The ANK3 protein associates with the cardiac sodium channel Na_{v}1.5. Both proteins are highly expressed at ventricular intercalated disc and T-tubule membranes in cardiomyocytes. A mutation in the Na_{v}1.5 protein blocks interaction with ANK3 binding and therefore disrupts surface expression of Na_{v}1.5 in cardiomyocytes resulting in Brugada syndrome, a type of cardiac arrhythmia.
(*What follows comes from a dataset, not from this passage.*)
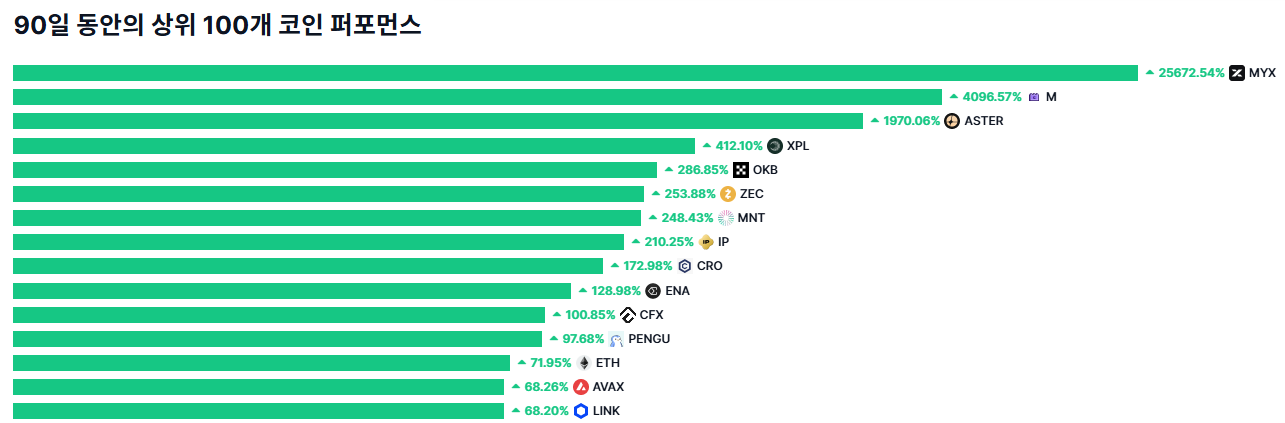 이어 밈코어(M, 4096.57%), 아스터(ASTER, 1970.06%), 플라즈마(XPL, 412.10%), OKB(286.85%), 지캐시(ZEC, 253.88%), 맨틀(MNT, 248.43%), 스토리(IP, 210.25%), 크로노스(CRO, 172.98%), 에세나(ENA, 128.98%), 콘플럭스(CFX, 100.85%), 펭구(PENGU, 97.68%), 이더리움(ETH, 71.95%), 아발란체(AVAX, 68.26%), 체인링크(LINK, 68.20%) 등이 강세를 나타냈다.

Other mutations in the ANK3 gene may be involved in the bipolar disorder and intellectual disability.

== Ankyrin family ==

The protein encoded by the ANK3 gene is a member of the ankyrin family of proteins that link the integral membrane proteins to the underlying spectrin-actin cytoskeleton. Ankyrins play key roles in activities such as cell motility, activation, proliferation, contact and the maintenance of specialized membrane domains. Most ankyrins are typically composed of three structural domains: an amino-terminal domain containing multiple ankyrin repeats; a central region with a highly conserved spectrin binding domain; and a carboxy-terminal regulatory domain which is the least conserved and subject to variation.